April 16, 2011 | South Carolina Times | Original Article

Hispanics transform state demographics

MELROSE — Duck into a Melrose restaurant for lunch these days, and the menu is more likely to include flautas de pollo than sauerkraut and kielbasa.

Stop at the corner grocery store, and you might pick up some beef foot or dried chili peppers along with the usual carton of milk. Visit the school, and you’ll see students of every color in every classroom. Spend a few minutes at any of these places, and you’ll hear and read Spanish and English.

In the past two decades, Melrose has changed from an overwhelmingly white city with strong German ancestry to a diverse community with a growing Hispanic population.

According to the 2010 census data released last month, the city’s Hispanic population more than doubled in the last decade. Hispanics now make up nearly a quarter of the city’s total population of 3,598.

The influx of Spanish-speaking residents has changed the community in countless ways. But unlike some cities, Melrose hasn’t struggled with painful racial tensions or clashes of culture. That could be linked to a welcoming attitude demonstrated by city and church leaders, as well as efforts to help integrate immigrants into the community.

“We have not had that type of hostility toward each other,” said John Jensen, the city’s police chief.

Melrose isn’t alone in its demographic change. Other Stearns County cities have seen similar increases in Hispanic residents since 2000. Typically, the communities have a large factory that offers employment to immigrants, such as Jennie-O in Melrose.
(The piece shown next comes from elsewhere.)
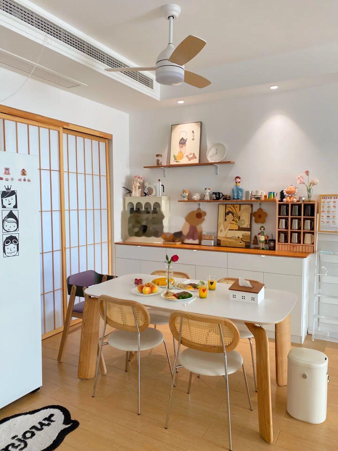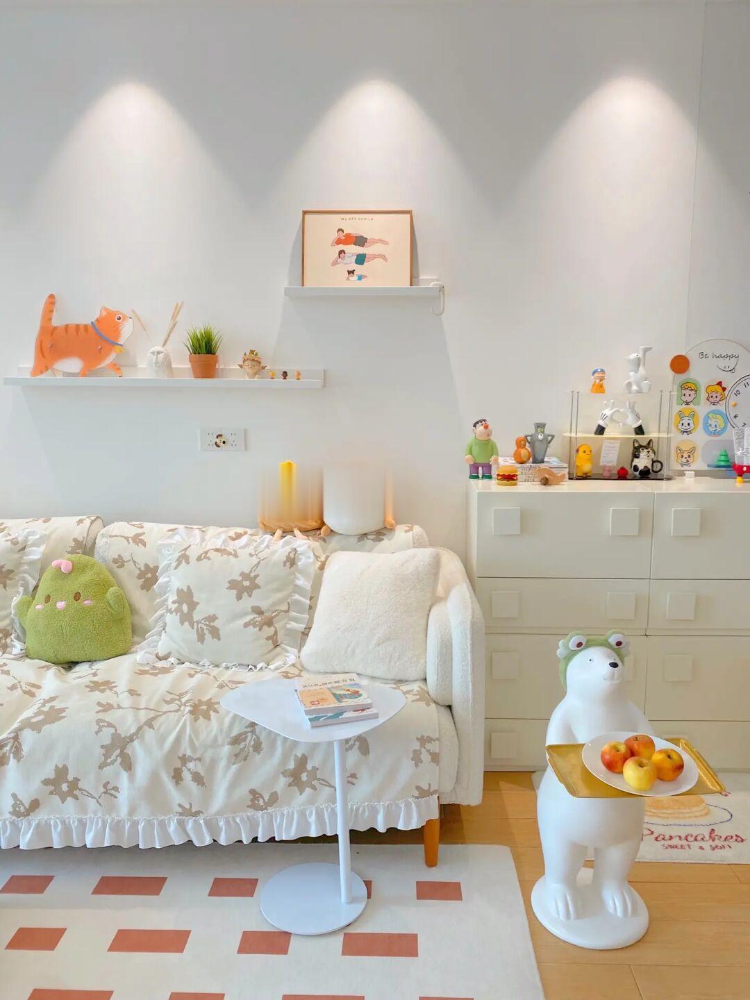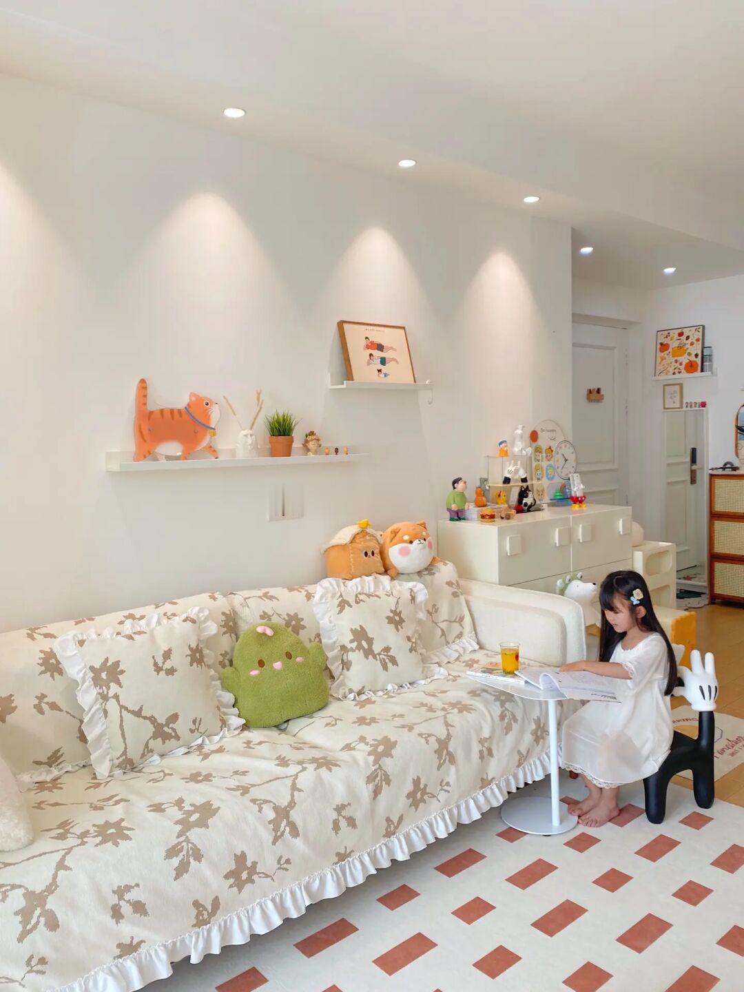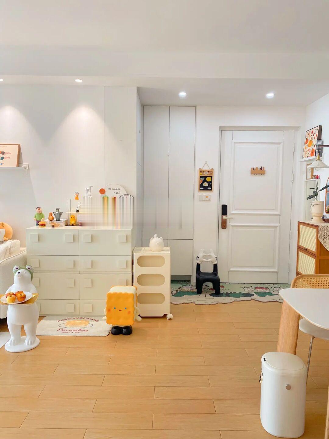 笑发财了,谁懂呀😂 我女儿的同学们也是我的邻居们,可喜欢来我家玩 每次回家都闹着要他爸妈按我家装🏠 我家可爱的摆件挺多的,孩子们喜欢 ▫️家具基本都是白色,沙发盖上沙发巾,舒心多了[偷笑R] ▫️铺上地毯,孩子活动空间大不少 ▫️餐厅比较小,进进出出,会碰着;餐桌是圆边圆角,大象腿这种,一圈可以坐6个人,来客也够用。 ▫️客厅阳台打通,空间扩大不少 ▫️卧室布置都比较温馨,衣柜少,不过有个衣帽间。 ▫️洗手间砸半墙,会有噪音,面积小的劝砸哦!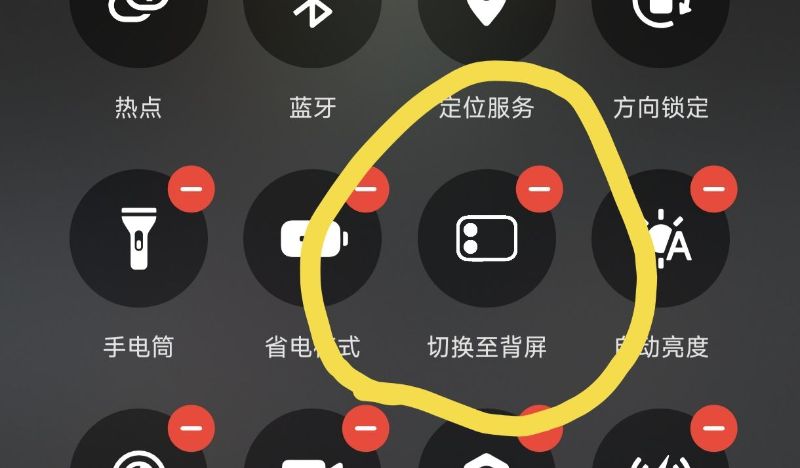 四、开始使用前,请下拉控制中心,找到最下方的编辑按钮,你可在里面找到<<切换至背屏>>和<<背屏截图>>两个按钮,请自行拖动到合适位置,每次需要使用时下拉控制中心即可使用。

Dairy farms also frequently employ Hispanic workers.

Cold Spring, home of a Gold’n Plump poultry plant, had 40 Hispanic residents a decade ago and now has 287, according to the census bureau. Sauk Centre’s Hispanic residents increased by 800 percent from 21 to 189.

Elsewhere in Central Minnesota, the cities of Long Prairie and Willmar also experienced burgeoning Hispanic populations.

The trend mirrors what’s happening on a state and national scale. Hispanics accounted for more than half of the U.S. population increase over the last decade and crossed a new census milestone: 50 million, or one in six Americans.